## Problem description
Every record is to be copied unchanged, except that its pictures are removed.
################
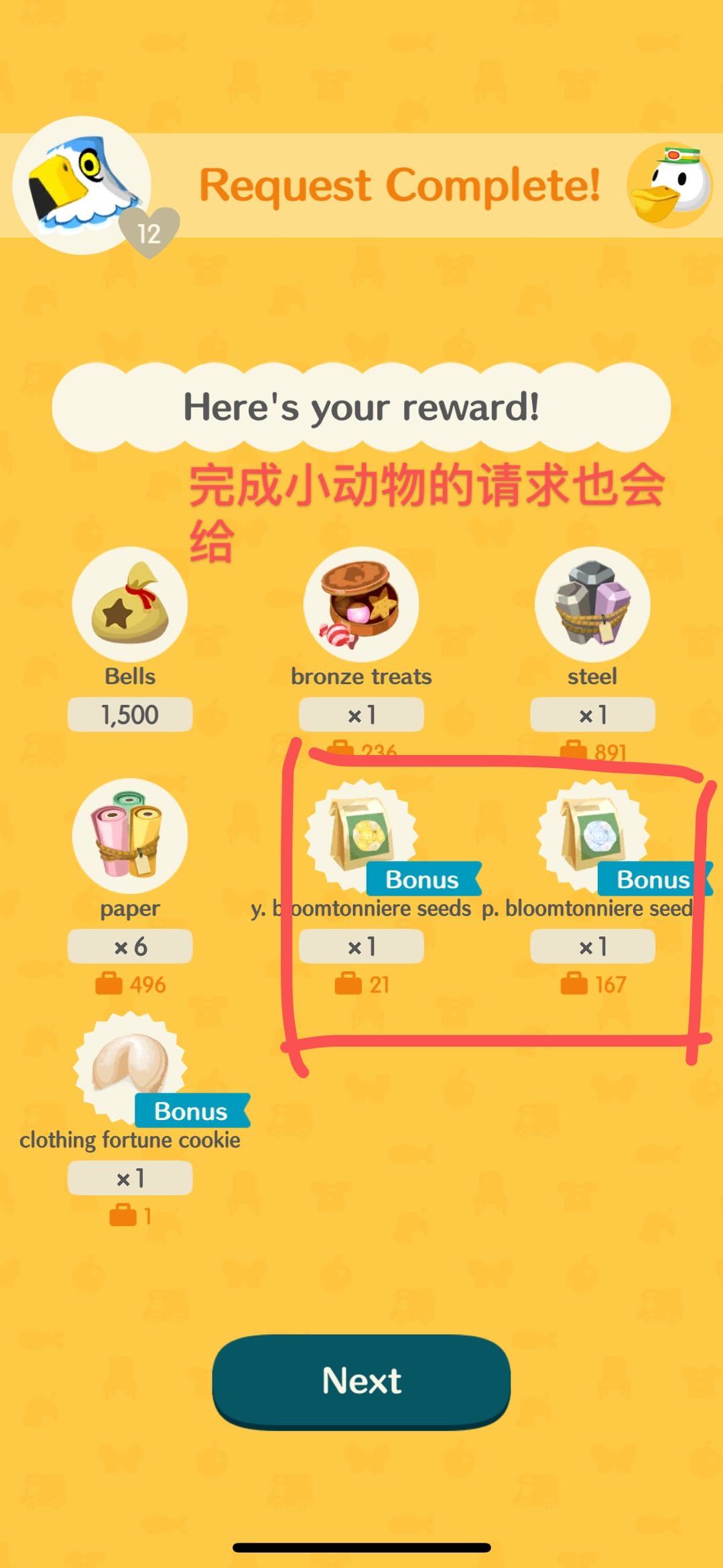 2. 完成小动物的请求(只有四个资源岛上的小动物才会给哦)
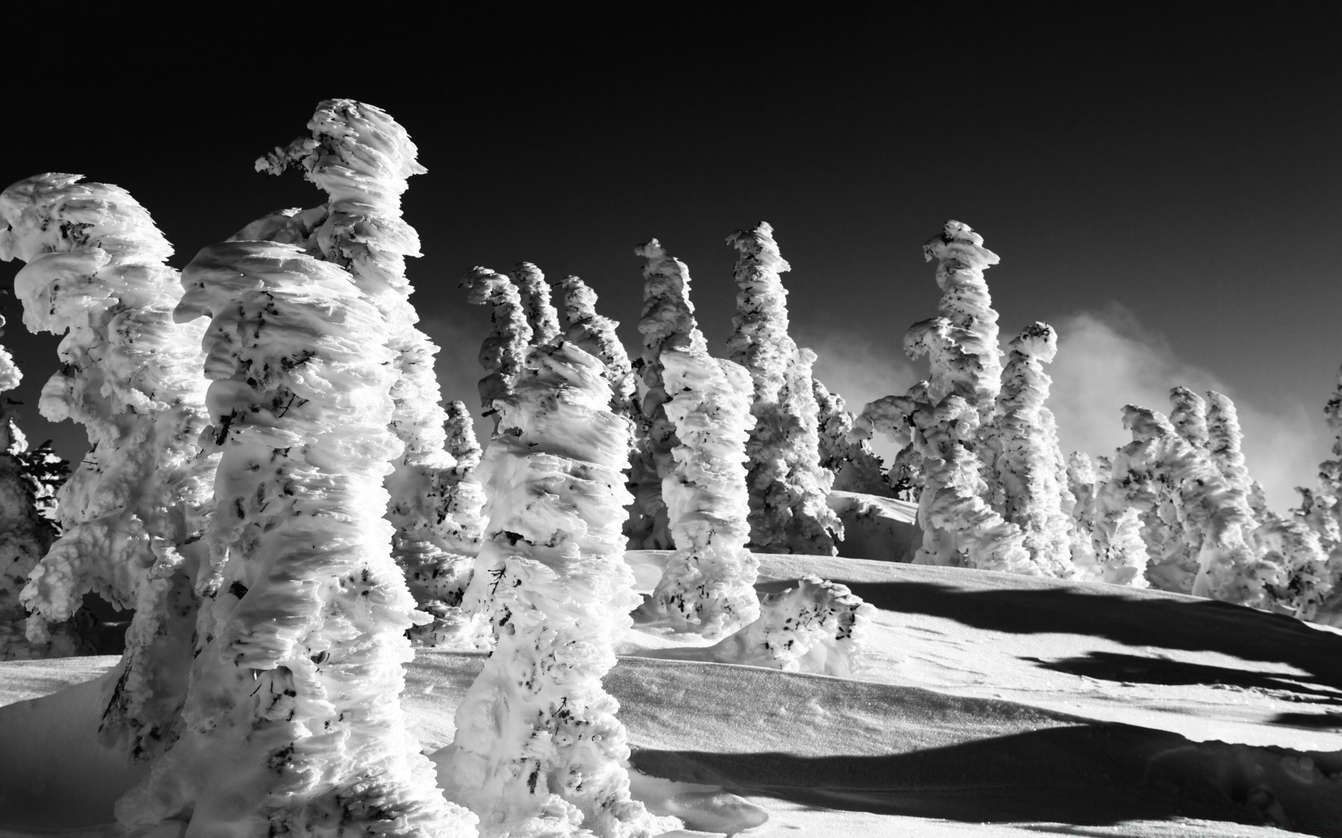 Foto em preto e branco floresta de inverno em um dia ensolarado
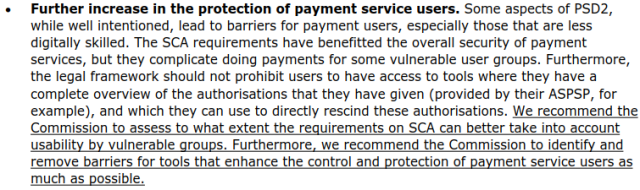Er moeten meer maatregelen tegen fraude worden genomen, nu criminelen SCA omzeilen. De tekst lijkt zowel betrekking te hebben op fraude ten nadele van de klanten van betaaldienstverleners, als op criminele klanten (die geweerd moeten worden):
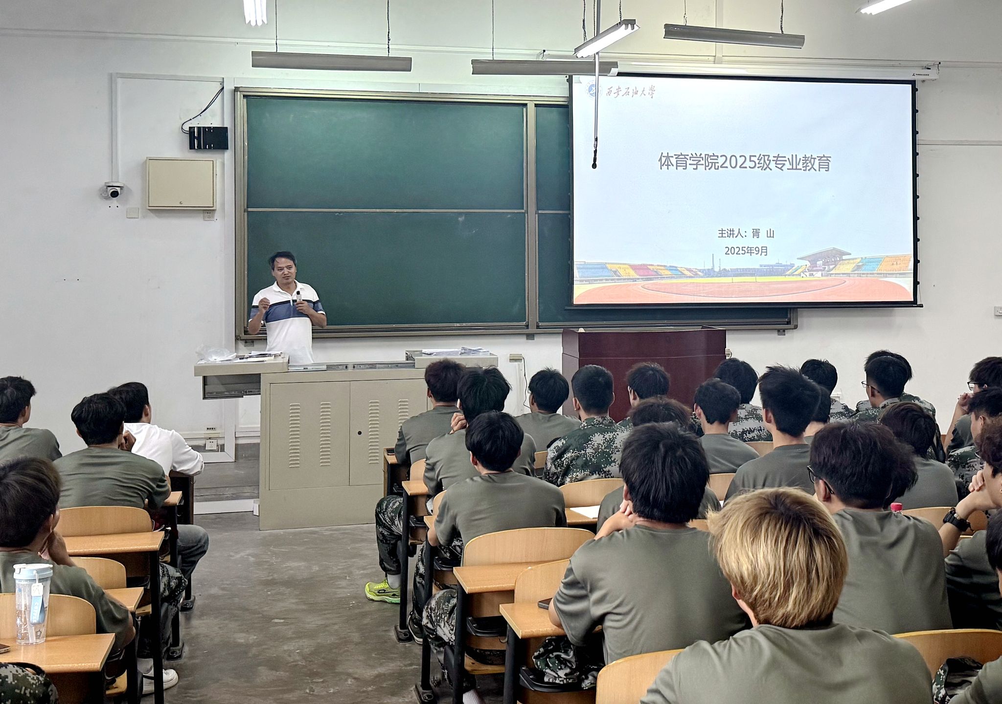 刘小波代表学院向新生启航新征途,加入体育学院大家庭表示热烈欢迎和诚挚祝福!并向新生提出三点希望:一是要志存高远,勇担时代使命。他说,体育强国建设是民族复兴的重要篇章,青年学子要将个人理想融入国家发展大局,以“全民健身”“乡村振兴”等国家战略为指引,树立远大志向,成为推动健康中国建设的生力军。二是要潜心学习,锤炼过硬本领。刘小波指出,社会体育指导与管理专业需立足社会需求,既要夯实运动解剖学、健身理论与指导等核心课程基础,又要积极参与社区服务、赛事策划等实践项目,考取社会体育指导员等职业资格证书,将理论转化为服务群众的实际能力。三是要开拓创新,突破成长边界。他鼓励新生要提振自信,探索运动康复、智慧体育等新兴领域,培养跨界思维,在创新创业中展现体育人的智慧与担当,为体育产业高质量发展注入新动能。
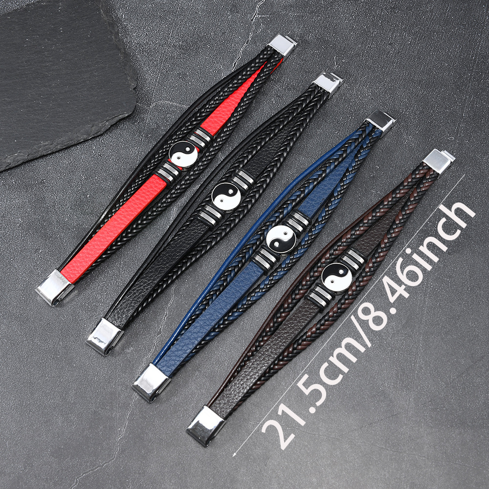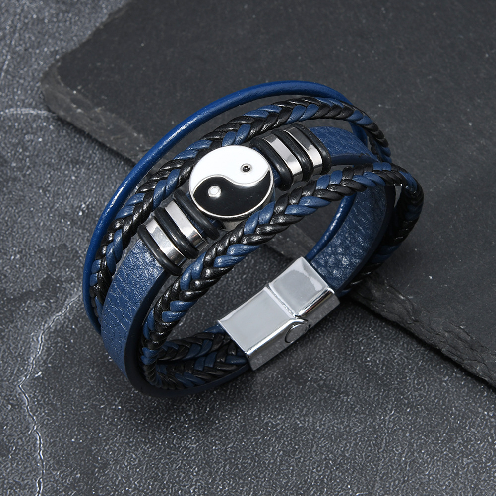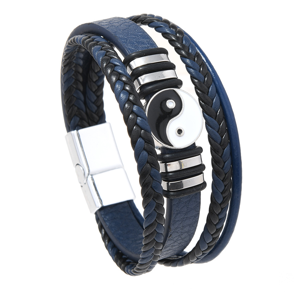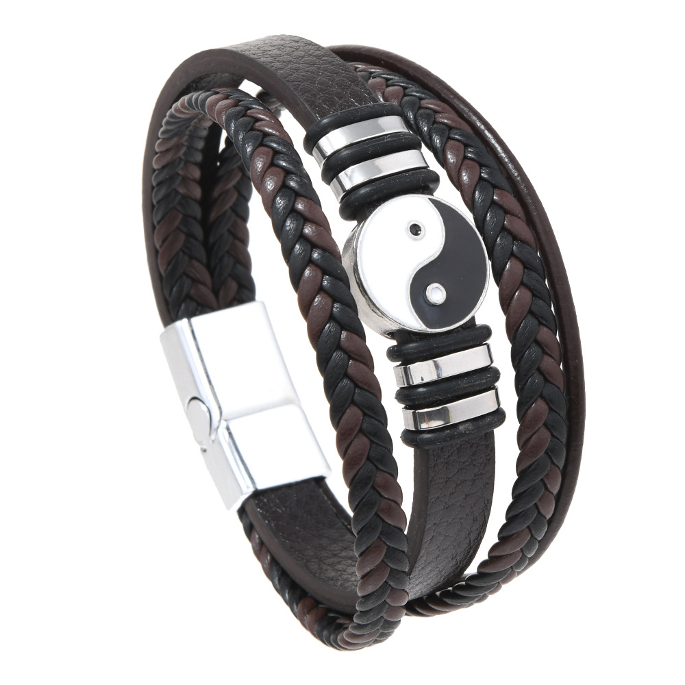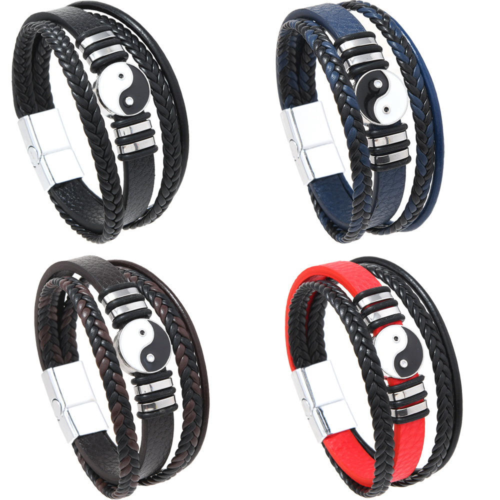 欧美跨境货源时尚朋克风多层男士太极八卦手环磁扣皮手链饰品批发 English | 投诉
################
## Exercise solution
 2. 完成小动物的请求(只有四个资源岛上的小动物才会给哦)
 Foto em preto e branco floresta de inverno em um dia ensolarado
Er moeten meer maatregelen tegen fraude worden genomen, nu criminelen SCA omzeilen. De tekst lijkt zowel betrekking te hebben op fraude ten nadele van de klanten van betaaldienstverleners, als op criminele klanten (die geweerd moeten worden):
 刘小波代表学院向新生启航新征途,加入体育学院大家庭表示热烈欢迎和诚挚祝福!并向新生提出三点希望:一是要志存高远,勇担时代使命。他说,体育强国建设是民族复兴的重要篇章,青年学子要将个人理想融入国家发展大局,以“全民健身”“乡村振兴”等国家战略为指引,树立远大志向,成为推动健康中国建设的生力军。二是要潜心学习,锤炼过硬本领。刘小波指出,社会体育指导与管理专业需立足社会需求,既要夯实运动解剖学、健身理论与指导等核心课程基础,又要积极参与社区服务、赛事策划等实践项目,考取社会体育指导员等职业资格证书,将理论转化为服务群众的实际能力。三是要开拓创新,突破成长边界。他鼓励新生要提振自信,探索运动康复、智慧体育等新兴领域,培养跨界思维,在创新创业中展现体育人的智慧与担当,为体育产业高质量发展注入新动能。
 欧美跨境货源时尚朋克风多层男士太极八卦手环磁扣皮手链饰品批发 English | 投诉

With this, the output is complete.